The experience was surreal, principally because this oral grilling took place not in some conference center, but in occupied hotel rooms. Not just any rooms, but the rooms in which the board examiners were living for the week. So, as residents answer questions which determine their future careers, they might, out of the corner of their eyes, catch a glimpse of undergarments lying on the nearby bed. Funny in retrospect, but distracting and horrifying at the time. Mercifully, the test ends in a few hours and, if you have held it together through tough questions and dirty underwear, you pass to become a “board-certified” radiologist.
As of 2014, the oral boards examination for radiology has been replaced by computerized tests—an overall simpler and fairer testing method, but with less opportunity for funny stories.
Interestingly, one need not necessarily pass the boards to practice radiology. One who has completed residency training but not yet passed the boards carries the strange title of “board eligible.” Quite a few radiologists (and other types of physicians) work this way for part or all of their careers—all perfectly legit. Many radiologists who fall into this category are older, and decided for whatever reason not to take the boards, a path more accepted in the past. Some board eligible radiologists have just graduated residency and are preparing to take their board exam in the near future.
The fact that a radiologist has passed the board certification exam indicates he or she has completed a rigorous radiology residency and was deemed by experts in the field—the board examiners—to possess the necessary qualities and skills to practice radiology. If you discover that a radiologist who read your study is not board certified, it may be worth further scrutiny on your part. My explanation is not a slight against the board eligible; rather, I seek to clear up this confusing terminology so that you, as a patient, can be better informed.
“Fellowship is an extra year or two of working for the man“—the cynical radiologist.
“Fellowship is an opportunity to further one’s knowledge and skill in a specific subspecialty in the greater field of radiology”—the optimist radiologist.
“Fellowship is what we make of it“—the philosopher radiologist.
There is truth in each of these statements, but the second is most informative and least snarky. Fellowship consists of 1-2 years of additional training in a subspecialty of radiology. It is optional, although greater than 90% of radiology residents continue on to fellowship for various reasons—primarily because most practices value the skills that fellowship-trained radiologists bring to the job.The most common fellowships are, in no particular order:
- Neuroradiology—brain, spine, and head/neck
- Body imaging—abdomen and pelvis
- Thoracic imaging—chest (sometimes combined with body imaging)

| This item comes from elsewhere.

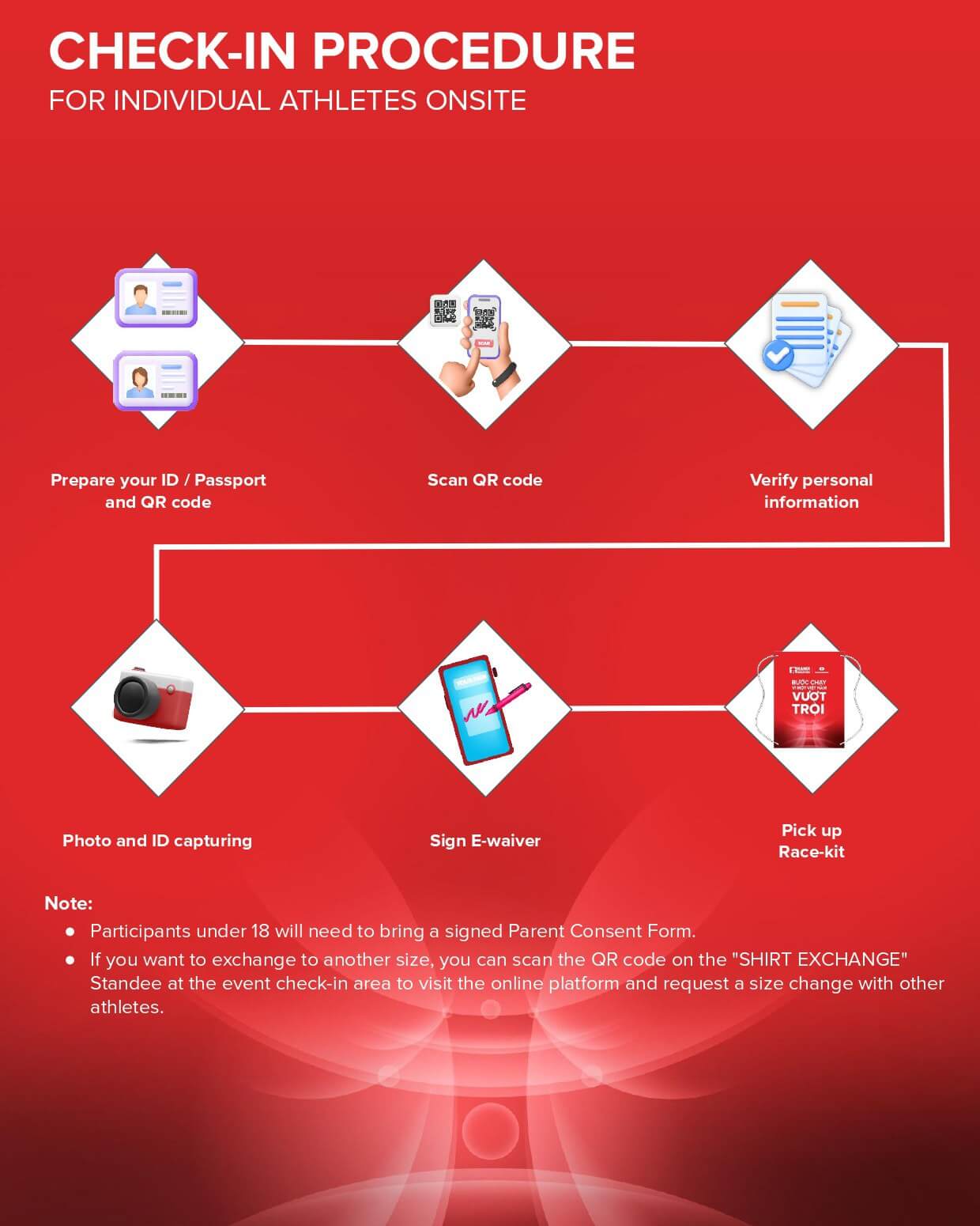 Please review and keep the Athlete Check-in Procedure below to ensure a smooth registration process at the event and to successfully join the race this year.

- Musculoskeletal imaging—bones and joints, spine
- Women’s imaging—primarily breast, sometimes female pelvis
- Pediatric imaging—all types of imaging in children. At large pediatric hospitals, there is often subspecialization within pediatric imaging (i.e. pediatric neuroradiology)
- Vascular/interventional radiology—image-guided procedures
Some fellowships—neuroradiology, vascular/interventional, and pediatric radiology—require another test (groan). But after that…
Well, not really. Although formal training is done, radiology, like many professions, requires lifelong learning—both formally as continuing medical education, and informally as questions arise on a daily basis. New technologies are developed, and research continually alters paradigms in the field. A steady flow of new insights and techniques are constantly integrated into daily practice, and help the radiologist operate at the cutting edge of medicine.